British American Tobacco Zimbabwe (Holdings) Limited has issued a profit warning indicating that its financial results for the year ended 31 December 2025 will reflect a significant improvement in profitability, largely due to the absence of the severe foreign exchange losses that weighed heavily on prior performance.

In a notice to shareholders, the company said its upcoming results, expected on or before 31 March 2026, will differ materially from those reported for the 2024 financial year.

At the centre of BAT Zimbabwe’s disclosure is the destabilising impact of currency volatility and inflation, which the company identified as the primary drivers of depressed earnings in 2024.

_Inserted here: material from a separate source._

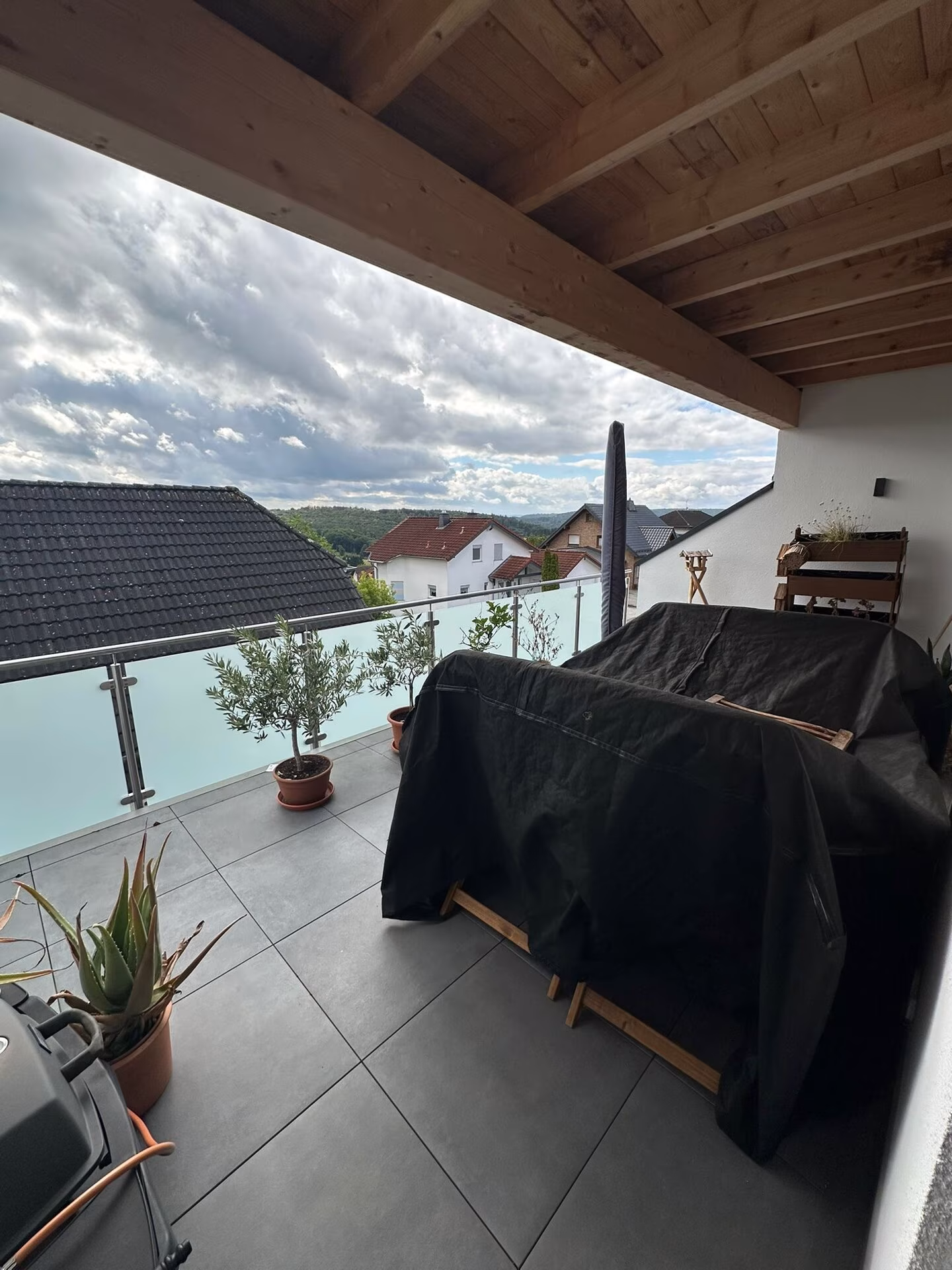 •Überdachter Südbalkon mit Blick ins Grüne

The group said its prior-year performance was significantly undermined by exchange losses and inflationary pressures linked to compliance with international accounting standards, particularly IAS 21 and IAS 29. These standards required the revaluation of foreign currency balances and adjustments for hyperinflation, amplifying reported losses.

Related Stories

The situation was further compounded by Zimbabwe’s monetary policy shift in April 2024, when authorities transitioned from the Zimbabwe dollar to the Zimbabwe Gold. BAT noted that the changeover, combined with elevated inflation levels prior to August 2024, triggered substantial monetary losses.

The tobacco group attributed its expected rebound in 2025 profitability to improved macroeconomic conditions and internal strategic adjustments.

Key among these was the company’s migration to a multicurrency billing model in August 2024, which it said enhanced revenue realisation and reduced exposure to local currency volatility. Increased currency stability during the reporting period also contributed to the anticipated recovery.

Additionally, the company highlighted that the absence of the large exchange losses recorded in 2024 will significantly improve year-on-year comparability.

BAT Zimbabwe emphasised that the expected variance in financial performance constitutes price-sensitive information, requiring disclosure under Section 32 of the Zimbabwe Stock Exchange Listings Rules.

The company has advised shareholders and the investing public to exercise caution when trading its shares until the full financial results are published.